**DIRECTIONS**
Exactly as they appear below, repeat the lines from the one with "2019年12月14日,为满" through the one with "Medical team meeting". Drop every picture.
ENTRIES PROVIDED Start Marker
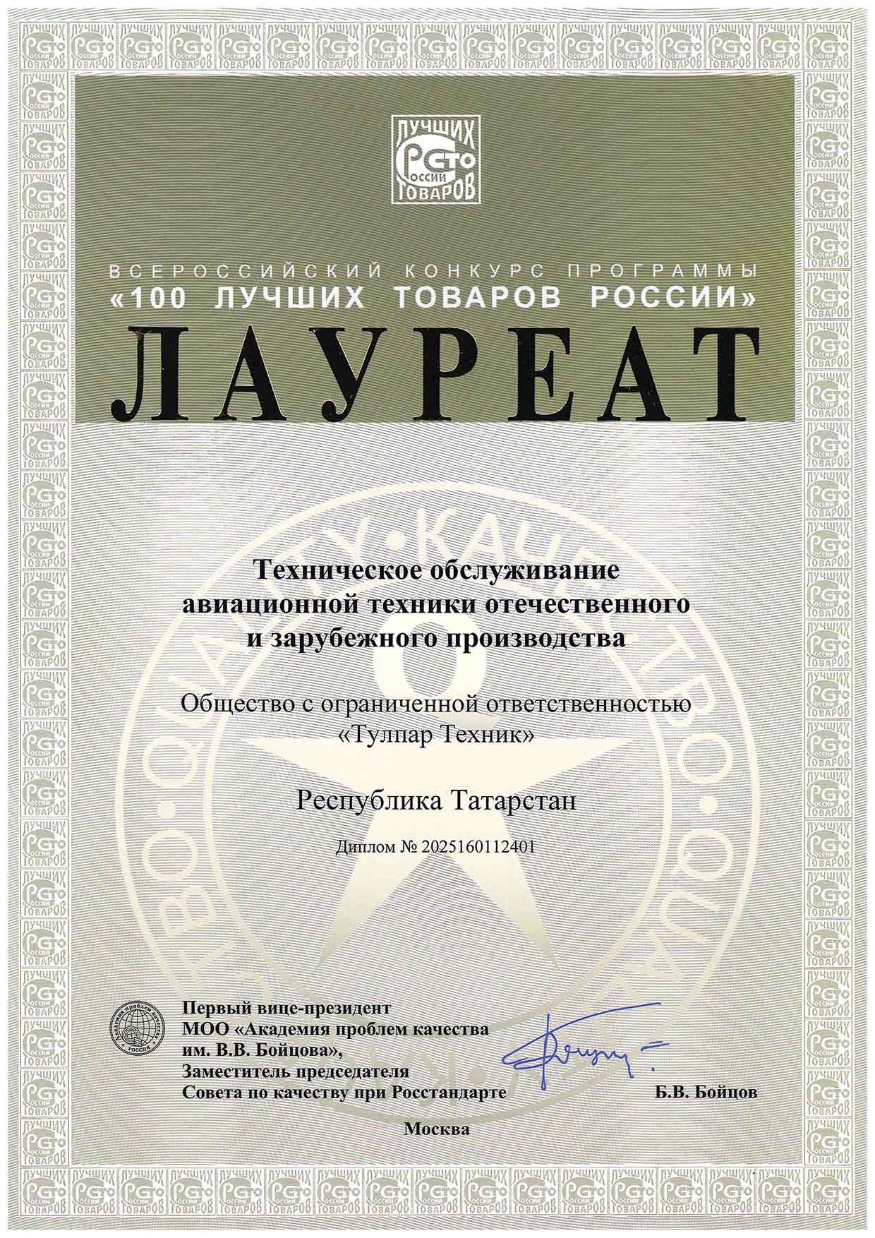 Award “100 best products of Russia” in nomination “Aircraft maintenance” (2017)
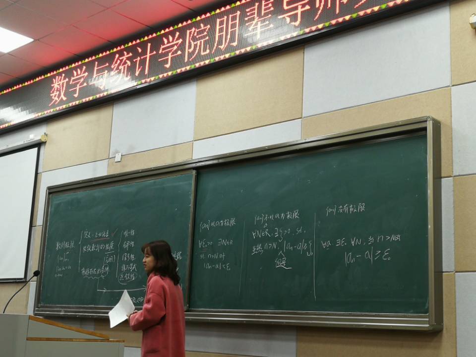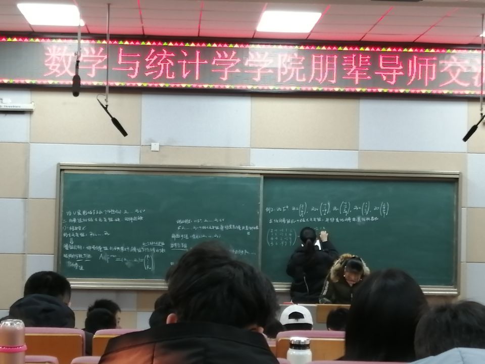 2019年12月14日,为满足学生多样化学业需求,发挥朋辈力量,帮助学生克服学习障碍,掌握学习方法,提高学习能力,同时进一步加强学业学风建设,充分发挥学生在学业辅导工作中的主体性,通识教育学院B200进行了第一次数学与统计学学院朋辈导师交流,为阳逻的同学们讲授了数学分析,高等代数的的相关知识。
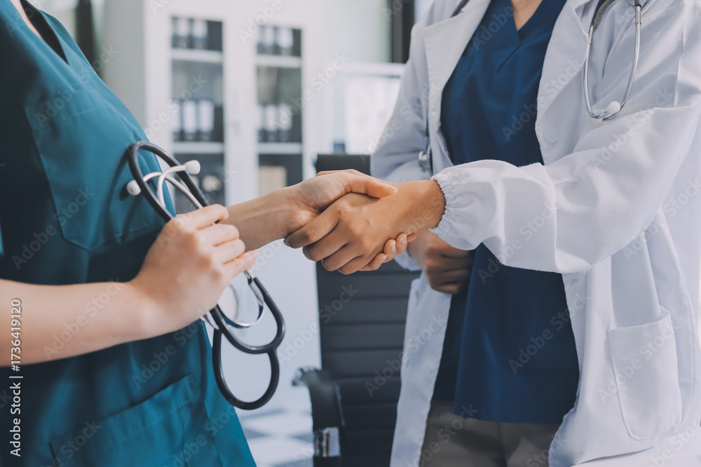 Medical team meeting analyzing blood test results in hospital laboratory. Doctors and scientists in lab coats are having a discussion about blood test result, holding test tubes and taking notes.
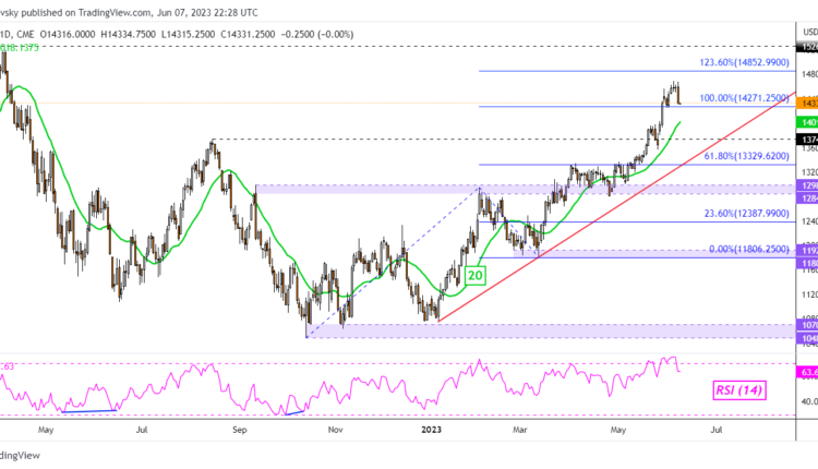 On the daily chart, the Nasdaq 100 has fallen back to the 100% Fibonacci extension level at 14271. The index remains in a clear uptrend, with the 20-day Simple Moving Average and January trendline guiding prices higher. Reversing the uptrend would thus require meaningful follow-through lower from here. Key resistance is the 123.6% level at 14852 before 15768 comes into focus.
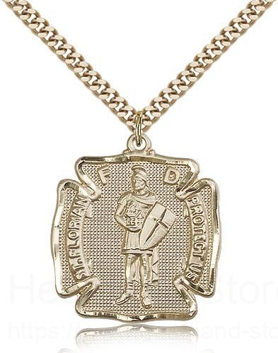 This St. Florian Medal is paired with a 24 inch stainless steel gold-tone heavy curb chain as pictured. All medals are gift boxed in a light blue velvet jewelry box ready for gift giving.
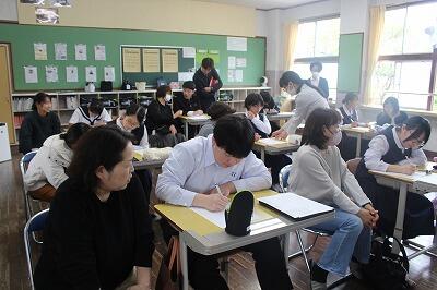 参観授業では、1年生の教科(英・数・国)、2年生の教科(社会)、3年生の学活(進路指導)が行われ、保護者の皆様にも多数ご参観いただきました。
ENTRIES PROVIDED End Marker
**SOLVED PROBLEM**
 2019年12月14日,为满足学生多样化学业需求,发挥朋辈力量,帮助学生克服学习障碍,掌握学习方法,提高学习能力,同时进一步加强学业学风建设,充分发挥学生在学业辅导工作中的主体性,通识教育学院B200进行了第一次数学与统计学学院朋辈导师交流,为阳逻的同学们讲授了数学分析,高等代数的的相关知识。
 Medical team meeting analyzing blood test results in hospital laboratory. Doctors and scientists in lab coats are having a discussion about blood test result, holding test tubes and taking notes.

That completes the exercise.